A—CO2 equivalent from the slow-release fertilizer [25]; B—CO2 equivalent from conventional fertilizers [25]; C—CO2 equivalent from fertilizers in total; D—CO2 equivalent from plant protection products [11]; E—CO2 emissions from fuel combustion and electricity consumption [29]; F—CO2 emissions from soil and harvesting residue and from the mineralization of organic matter3 [26,27].
G—Direct N2O emission from mineral fertilization [30]; H—Indirect N2 emission related to mineral fertilization [30]; I—CO2 equivalent from direct N2 emission; J—CO2 equivalent from the indirect emission of N2 [15]; K—CO2 equivalent from N2 emission from the mineralization of harvesting residue3 [26,27].
The obtained results were subjected to analysis of variance. The significance of differences in mean values was determined with the Tukey test (α ≤ 0.05) using the Statistica 13 (TIBCO Software Inc.) software to statistically process the results.
The presented work compares the total GHG emissions for various fertilization strategies within the assessment system adopted at taking inventory of their sources. The results of the calculations demonstrate a significant differentiation of the total GHG emissions in terms of CO2 equivalent for the adopted system boundary. The adopted unit of account was 1 tonne of marketable product. The marketable yield in the non-fertilized object was 15.46 t. Fertilization in the amount of 72 kg N in the form of slow-release fertilizers and a full dose of phosphorus and potassium caused a double increase in the marketable yield of plants (Figure 1). When using traditional fertilizers, at 100 kg∙ha−1 nitrogen, the marketable yield was approx. 56% higher compared to the unfertilized object. The maximum yield was obtained in an object fertilized with slow-release fertilizers, at 144 kg N, and it amounted to 44.02 t of marketable yield∙ha−1 [31,32]. Niemiec [31], and Niemiec et al. [32] report a reduction in celery yield after applying slow-release fertilizers directly under the root. These authors stated that the reason for the decrease in yielding may be increased salinity of the soil solution directly under plant root zone. In this experiment, slow-release fertilizers were used below the planting level, which could limit the negative impact of soil solution salinity, especially at the initial stage of plant growth. To achieve the yield at the level observed when using 144 kg N in a slow-release fertilizer, 200 kg of nitrogen in conventional fertilizers was required. Due to the relatively low content of mineral forms of nitrogen in the soil, a strong reaction of plants to mineral fertilization was observed.

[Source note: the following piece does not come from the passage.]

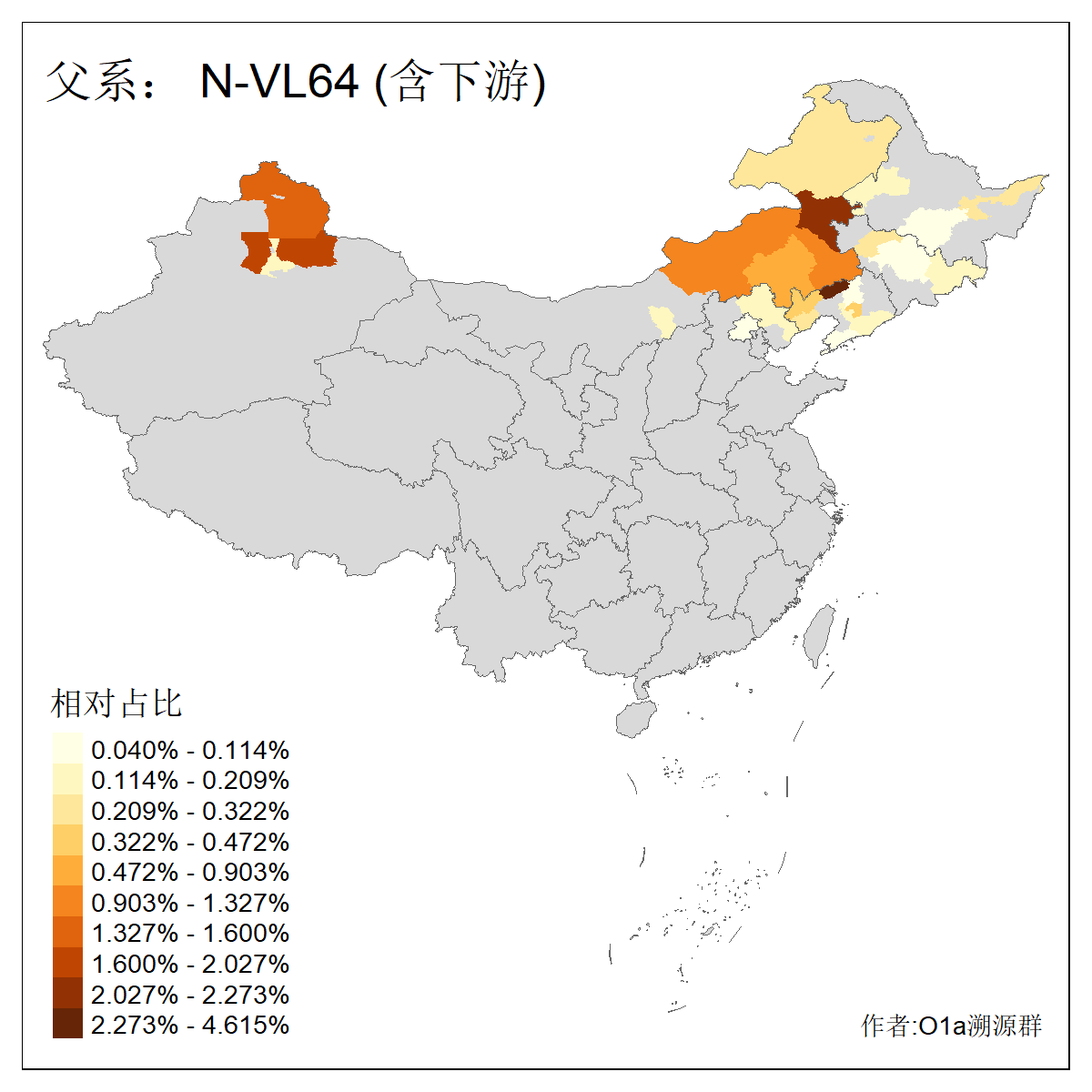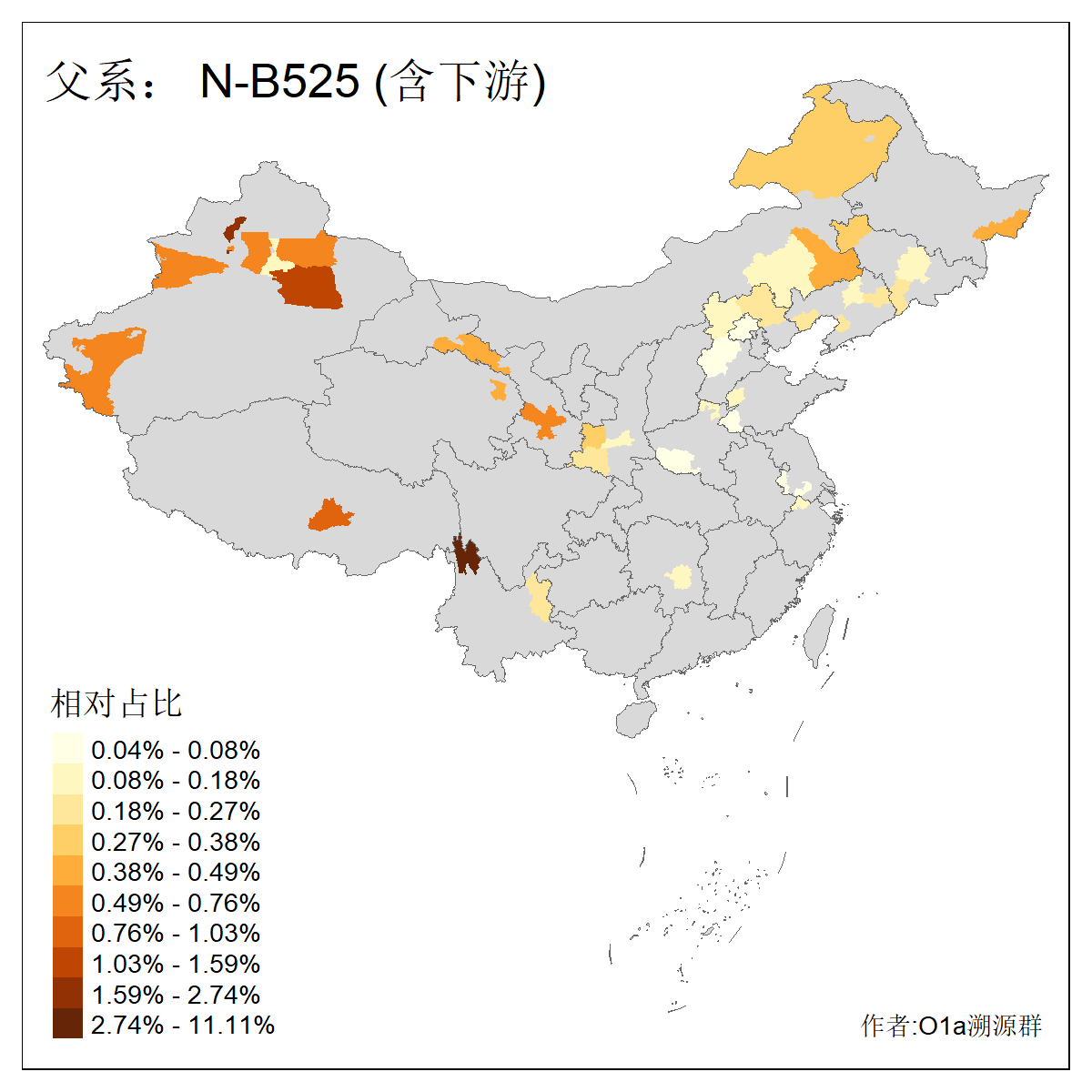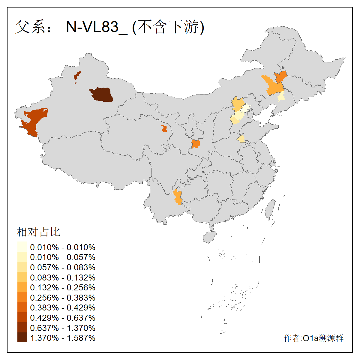 | N-M231_N-CTS833_N-F963_N-F1206_N-F2584_N-M46_N-CTS6128_N-Z1957_N-M2126_N-M2019_N-M2058 | 4170 | 0.205% | 446人(含下游) 王:64 张:53 李:35 刘:27 赵:13 贺:12 许:11 冯:10 杨:10 马:10 宋:9 陈:9 孙:8 郭:8 ![]() | 33人(不含下游) 张:5 赵:5 王:4 刘:3 李:2 董:2 马:2 云:1 包:1 吴:1 梁:1 罗:1 翟:1 艾:1 ![]() |

The experiment results indicate a significant impact of the proposed fertilization strategies on the development of GHG emissions, both from direct and indirect sources. Total GHG emissions, given as CO2 equivalent ranged from 78.9 to 120.3 kg CO2∙t−1 fresh weight of marketable product (Figure 2. The lowest value of this parameter was obtained for an object fertilized with slow-release fertilizers at 108 kg N−1 fresh mass of the marketable product (option 3). For all facilities fertilized with conventional fertilizers, the emission factor was above 110 kg CO2∙t−1 fresh weight of marketable product. The value of GHG emissions for a nonfertilized object was 111.8 kg CO2∙t−1 product. There were no statistically significant differences between individual fertilization variants with the use of the slow-release fertilizer. In relation to the reference object, fertilized in accordance with production practice, a reduction of GHG emission level of 30% was achieved per functional unit of the product (Figure 2). From the point of view of environmental efficiency, this is an important technological achievement. In modern agricultural systems, improving efficiency by up to several percent can be problematic [33,34,35].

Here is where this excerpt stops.